Categorical data analysis

COURSE TUTOR: Dr Paul Clarke


It is essential to register because places are limited. The registration form and details of how to register are here.



DESCRIPTION: Measurements that involve the categorisation of individuals into groups are a feature of data collection in the social sciences.  It is thus important to understand how such data should be correctly analysed, and to appreciate how this differs from the analysis of continuous outcome variables. This course is based around a series of examples from social research (e.g., contingency tables for measuring and understanding social mobility) through which standard techniques for analysing categorical data will be introduced.

To begin, the analysis of simple two-way tables will be considered, including the interpretation of these tables and introducing the concept of the chi-square test to measure and test the association between categorical variables.  From this, the examples will be elaborated to include further categorical variables in higher-order tables.  The last part of the course will involve introducing non-categorical variables and analysing these using logistic, multinomial-logistic and ordinal models.

By the end of the course, you should know to interpret estimates and test the inter-dependence between categorical variables.

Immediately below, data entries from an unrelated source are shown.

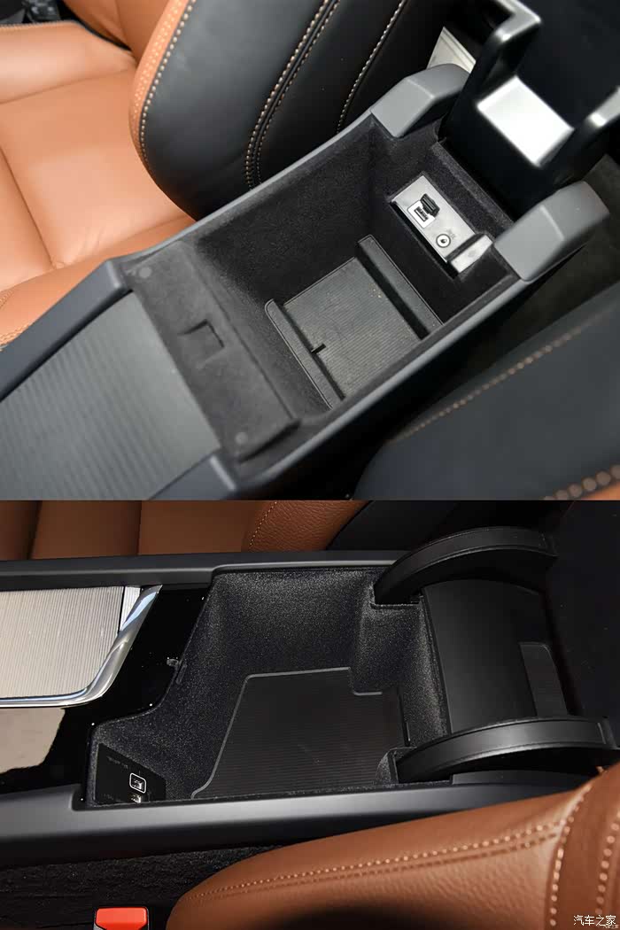 打开扶手箱,内部储物空间提升了很多,USB也有老款的一个增加至两个,老款的AUX插口被取消,实在是利用率太低,还是USB来的更实在些。
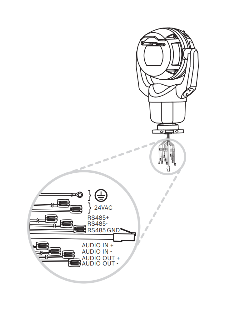 La cámara se puede alimentar a través de una red compatible con alta alimentación a través de Ethernet usando un modelo de Bosch de Midspan PoE de alta potencia (se vende por separado). Con esta configuración, solo se necesita una única conexión de cable (par trenzado blindado o STP Cat5e/Cat6) para ver, alimentar y controlar la cámara.
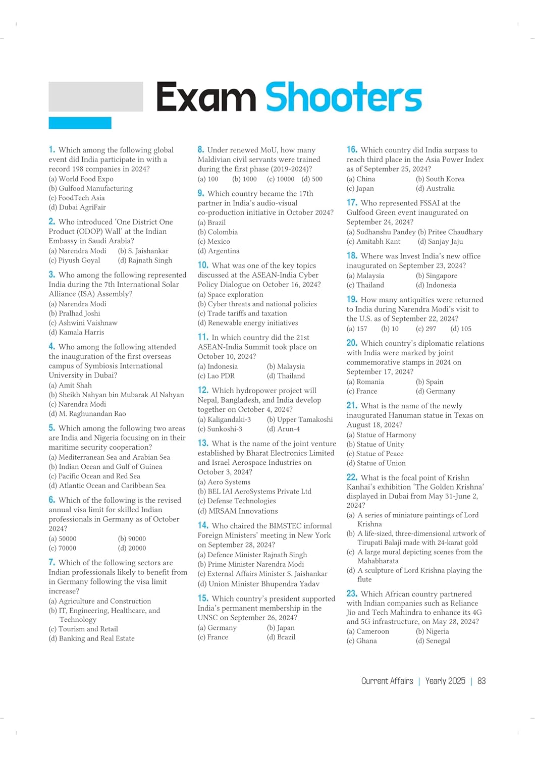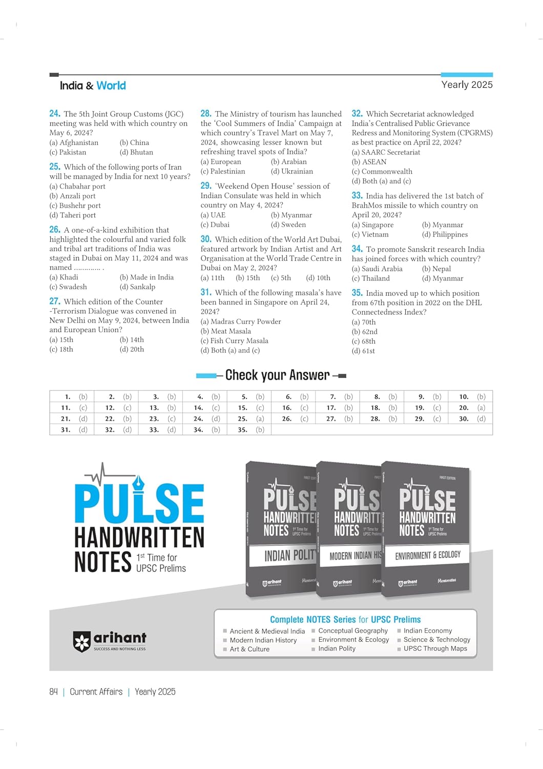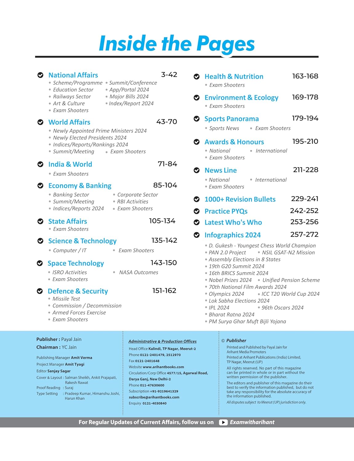 Arihant Current Affairs Yearly 2025 is a complete and up-to-date compilation of national and international events from January 2024 to present, designed to help aspirants stay informed for various competitive exams. The book provides section-wise coverage of 400+ MCQs, 1000+ revision bullets, and detailed highlights on major topics such as politics, sports, economy, science & technology, awards, and international summits. It includes updates on the Union Government, Chief Ministers, and key bureaucrats along with exclusive coverage of significant events like the G20 Summit 2024, Union Budget 2024–25, and General Elections 2024. Ideal for UPSC, State PSCs, SSC, NDA, CDS, Banking, and other government exams, this edition continues Arihant’s 19-year legacy as India’s most trusted resource for current affairs preparation.
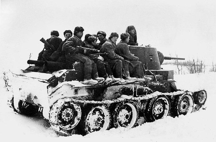 Танк БТ-7 с пехотным десантом выдвигается на рубеж для атаки. Западный фронт, 150-я танковая бригада, ноябрь 1941 года
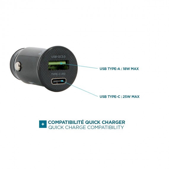 Ce chargeur vous permet de recharger la batterie de votre smartphone ou de votre tablette lorsque vous conduisez. Avec son format compact, il est muni d'un port USB C et d'un port USB A, il se branche directement à la prise allume-cigare de votre véhicule. Ainsi, vous n'avez plus à vous soucier des problèmes de batterie lorsque vous êtes en déplacement. Ce chargeur de voiture MOBILIS® deviendra votre meilleur allié.

Students should also understand the link between standard multiple regression and models for categorical data.

The course will involve a mix of lectures and practical sessions, which will be run using Stata.

Prerequisites: Participants need to be familiar with estimating and interpreting multiple regression models to the level of knowledge obtained by completing Module 3 of the online course (including the writing and interpretation of model equations, the use and interpretation of dummy variables and interaction terms, and model selection).